Charter feels more customer heat over postmerger rate hikes

No major cable operator has been transformed as dramatically as Charter Communications, whose bold snapping up of Time Warner Cable after Comcast’s regulatory Waterloo, plus a later deal for Bright House Networks, vaulted it to near the top of the MVPD ranks.

As the dust has settled, though, customer frustration has mounted after the company decided to boost service fees by up to 40%. Many customers are complaining about declining service despite the higher prices.

After outrage boiled over in Lexington, rural Massachusetts has become another battleground, as Karl Bode attested on DSLReports. It seems like only yesterday when Charter CEO Tom Rutledge, the highest-paid chief executive in America, was posing for a White House photo op with newly inaugurated President Trump, promoting the jobs creation of a new Charter facility.

RELATED: Charter faces incoming fire in several markets as Spectrum replaces Time Warner Cable

In the Berkshire Mountains of Massachusetts, customers aired their own grievances at a town hall. While Bode didn’t get everyone to go on the record, he certainly captured the community’s frustration.

"I think if you want to change to a nationwide price you should provide a nationwide service," a local official was quoted as saying. "Out here, to put it bluntly, the service sucks but we are paying the premium rate."

Added a local resident, "The bandwidth the family can use seems to be strangled down and if I am watching anything around 9 o'clock it freezes. It never happened before and now I have two different accounts and I can't use them."

Higher fees can help fund investment in system improvements, the company has insisted—something Time Warner Cable was unable to do because it often discounted service.

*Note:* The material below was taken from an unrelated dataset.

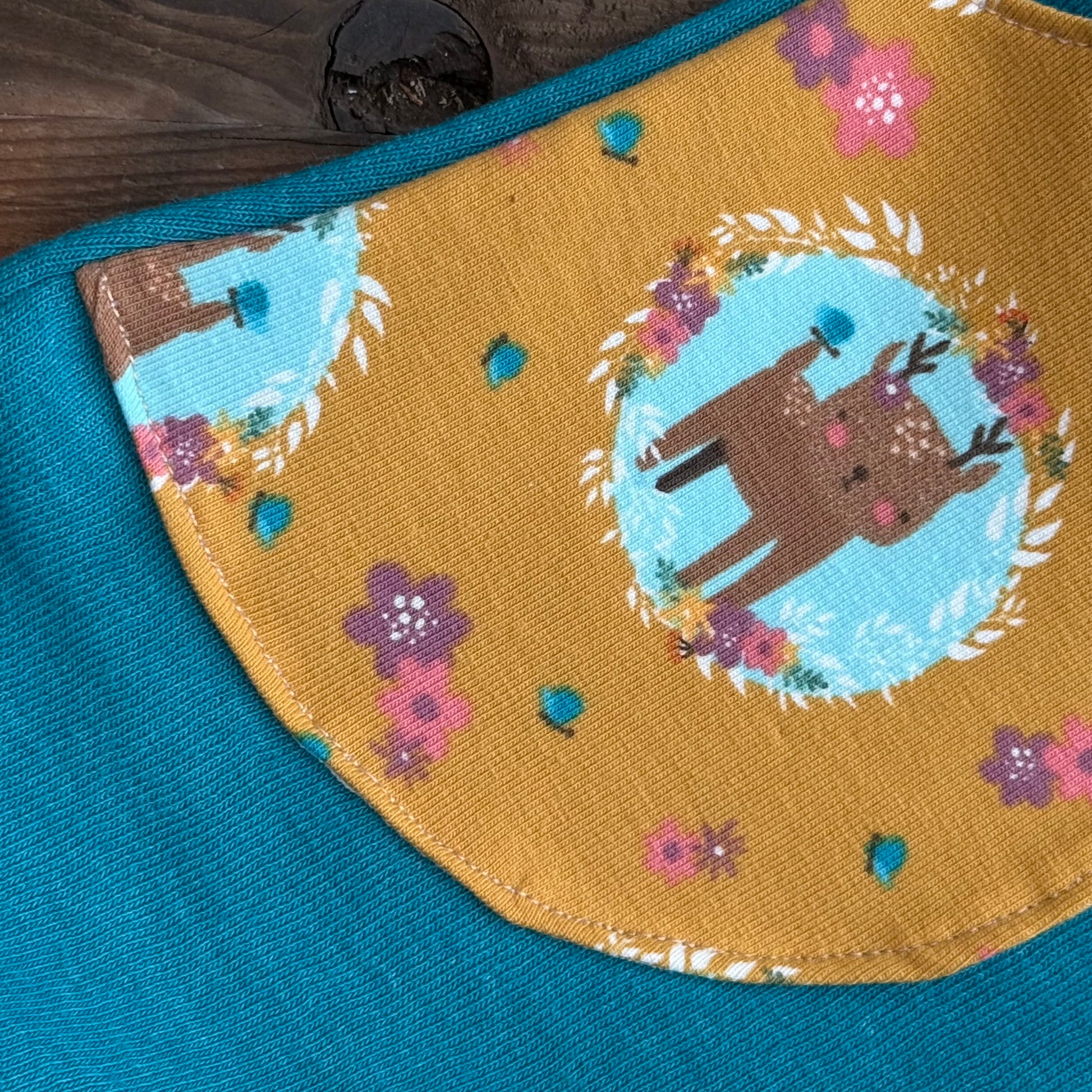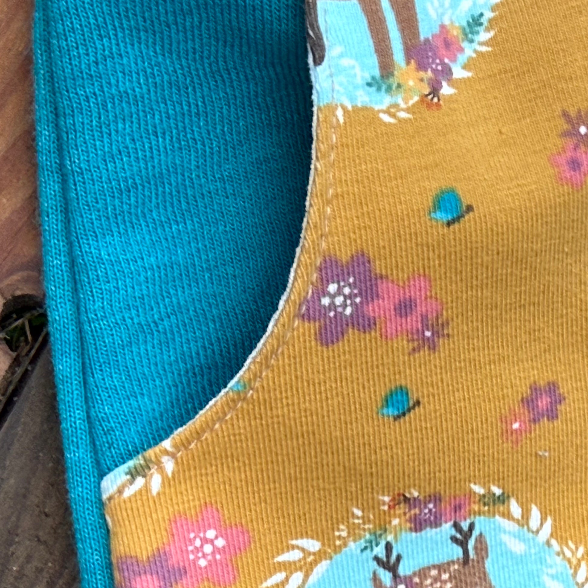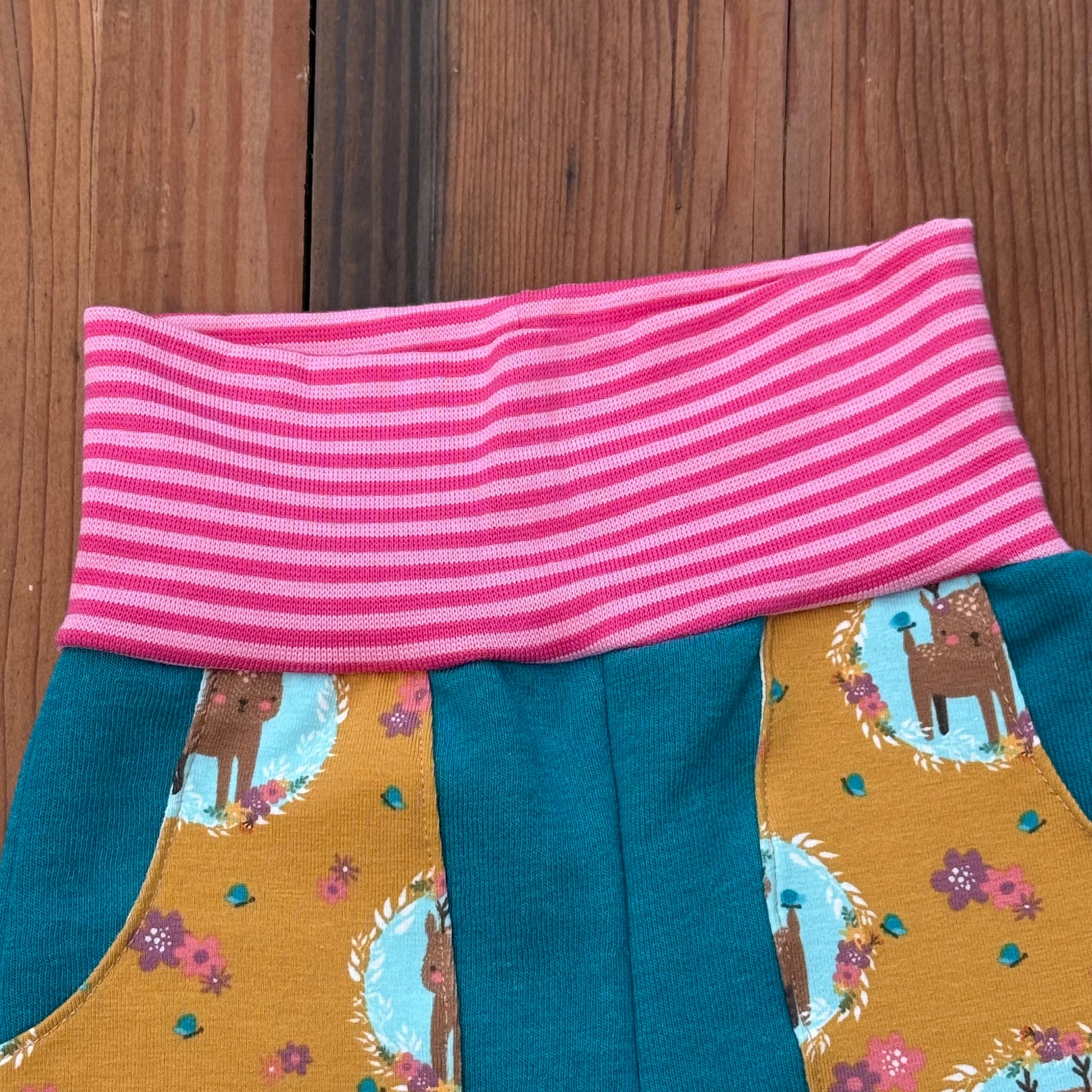 - Liebevolles Design: Petrolfarbene Hose mit senfgelben Taschen und Tiermotiv.

"It did lend a problem to infrastructure reinvestment that Time Warner could do, which is one of the reasons why we don't have similar promotional packages that constantly deflate the cable bills," maintained Anna Lucey, Charter’s director of government affairs, at the meeting. "We want to keep all of our services up to date and continue to reinvest but I understand the sticker shock isn't pleasant."

According to DSLReports, Charter insists that only 30% of customers have been affected by price hikes. The company did not respond to an email from FierceCable.

While Charter has ambitious plans and has rolled out the Spectrum brand for the former TWC systems, questions remain about the level of network investments, including the kinds of DOCSIS 3.1 deployments many rivals have initiated. Another concern is the state of TWC’s “Maxx” 300 Mbps upgrades, which were initiated before the corporate maneuvering of the past few years.